Table 2 also catalogs the strict (i.e., appearing in all sequences) MUM coverage and partial (i.e., appearing in a majority of sequences) MUM coverage. MUM coverage refers to the fraction of bases in each genome covered by at least one multi-MUM or partial MUM, averaged across all assemblies in the pangenome. Two datasets in particular, potato and Arabidopsis, displayed a large increase in coverage when including partial multi-MUMs. This trend generally indicates a small subset of sequences which form a distinct subgroup due to large genomic variation or incomplete assemblies within the group.

Mumemto can compute an outlier score when computing partial multi-MUMs.

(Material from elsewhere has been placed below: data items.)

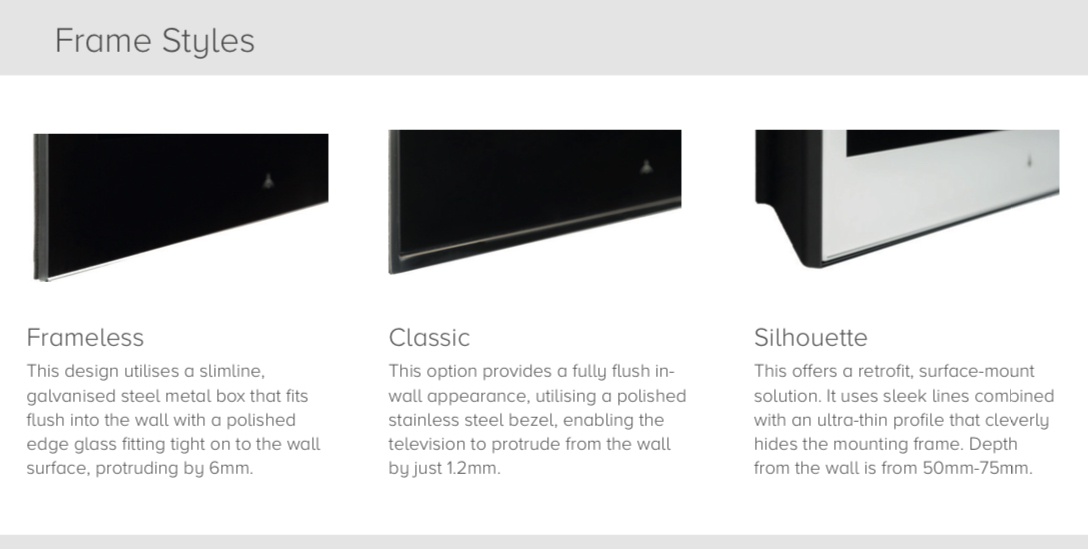 Designed to be fully flush mounted into the wall for the ultimate in minimalism, leaving only the glass and a 1 mm satin black surround visible. Available in a variety of colours and in sizes 16″ to 55″. |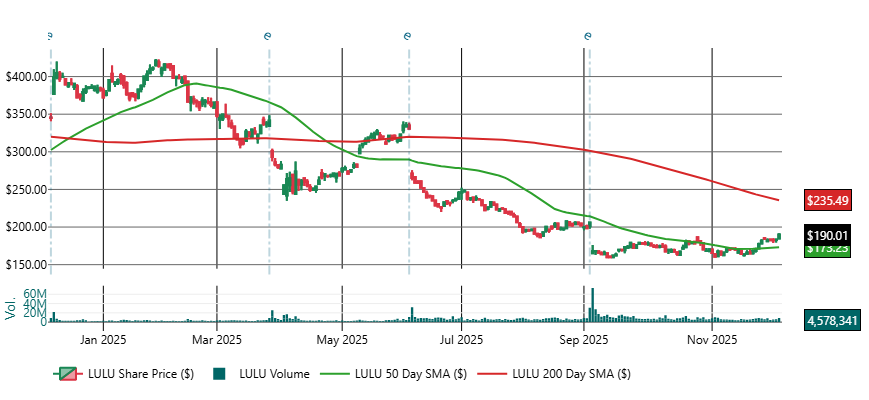 • LULU is trading at ~19–21x forward earnings, far below its 5-year average ~35x.
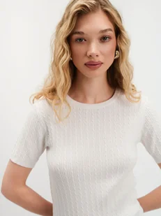Biały sweter z fakturą i krótkim rękawem to doskonały wybór na cieplejsze dni, kiedy chcesz połączyć wygodę z elegancją. Wyróżnia się subtelnym, ale kruchym splotem, który nadaje mu charakteru. Krótkie rękawy sprawiają, że jest idealny do noszenia samodzielnie lub pod lekką marynarką. Jego uniwersalna biel sprawia, że łatwo można go zestawić z różnymi stylizacjami, od casualowych dżinsów po elegancką spódnicę. To must-have w każdej garderobie miłośniczki klasycznych, ale nowoczesnych ubrań.
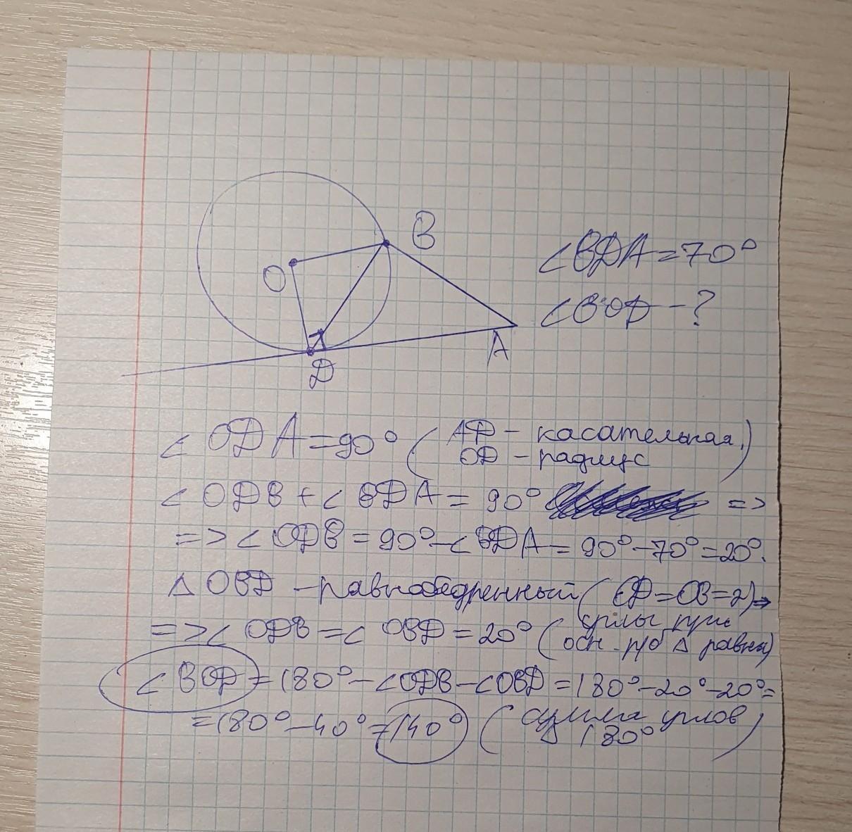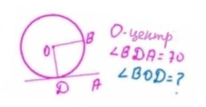 => уг. ODB = уг. ODA - уг. BDA = 90° - 70° = 20°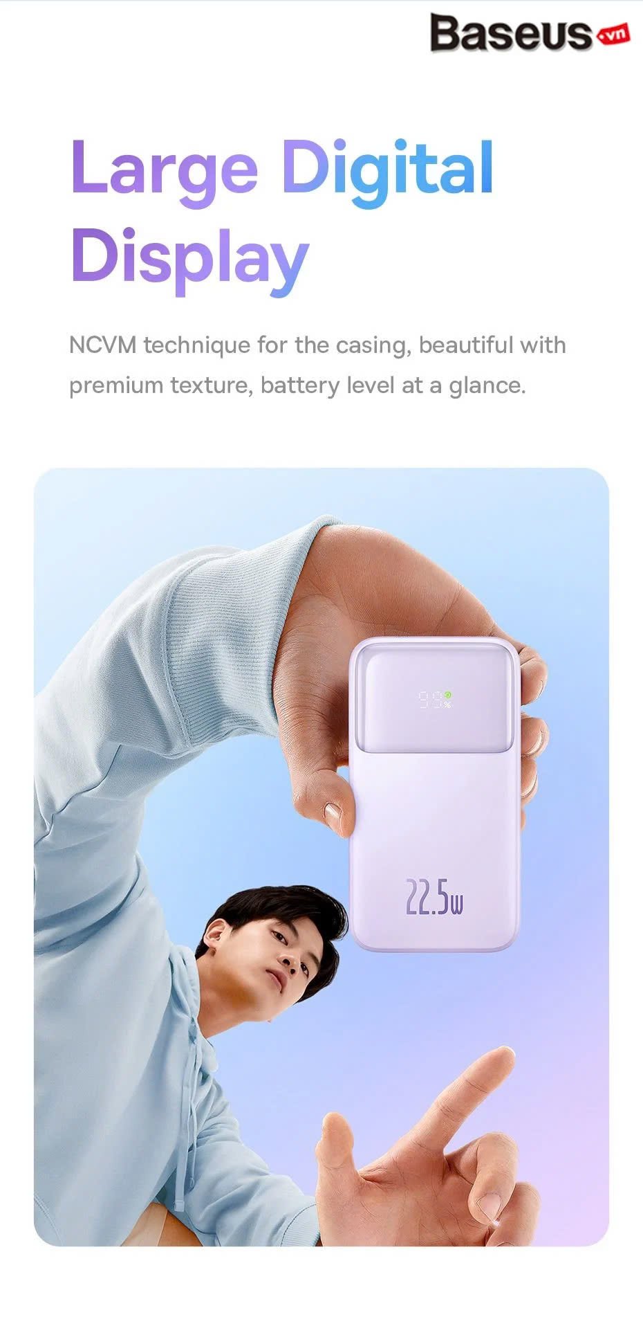 Công suất 22.5W giúp sạc nhanh hơn các pin sạc thông thường.

For a given sequence, this value is the aggregate of the lengths of partial MUMs in which the sequence is excluded, i.e., a high-scoring sequence tends not to share MUMs that are present in all other sequences. Figure 5 shows the outlier score for assemblies in the Arabidopsis (A) and potato (B) pangenomes. For potato, assemblies of S. candolleanum, a progenitor of cultivated potatoes which is considered a distinct clade within the Petota section of Solanum [28, 34] tend to score higher, i.e., tend to be excluded from MUMs shared by others. Similarly for Arabidopsis, accessions from the African continent and from the geographically isolated Madeira islands have higher scores, along with two Asian accessions from Japan (Fig. 5B).

Fig. 5.

Fig. 5

Aggregate length of partial MUMs that are not present in each genome assembly. A A. thaliana accessions are grouped by geographical region, and B potato (Solanum section Petota) are grouped by species

MUMs reveal genomic organization

Mumemto-computed multi-MUMs for potato chromosome 3 revealed a immediately noticeably pattern (Fig. 4B). By visualizing the collinear blocks of multi-MUMs, we observed a denser arrangement of syntenic blocks conserved across the pangenome in the flanks of the chromosome. This correlates highly with gene density (Additional file 1: Fig. S2), as gene-rich regions are more evolutionarily conserved [35]. Regions with low MUM density also tend to be repetitive regions with more structural and less functional characteristics. The density of multi-MEMs (shown as a heatmap in red in Fig. 4B) also recapitulates this trend, where spikes in multi-MEMs correspond to an increased density of LTR retrotransposons, the most abundant type of transposable element (TE) in the potato genome [35]. Both multi-MEMs and LTR TE density tends to be highest in the periocentromeric and centromeric regions, which has been previously observed in plants [35]. We note that this trend was clear despite the relatively low level of MUM coverage overall (Table 2).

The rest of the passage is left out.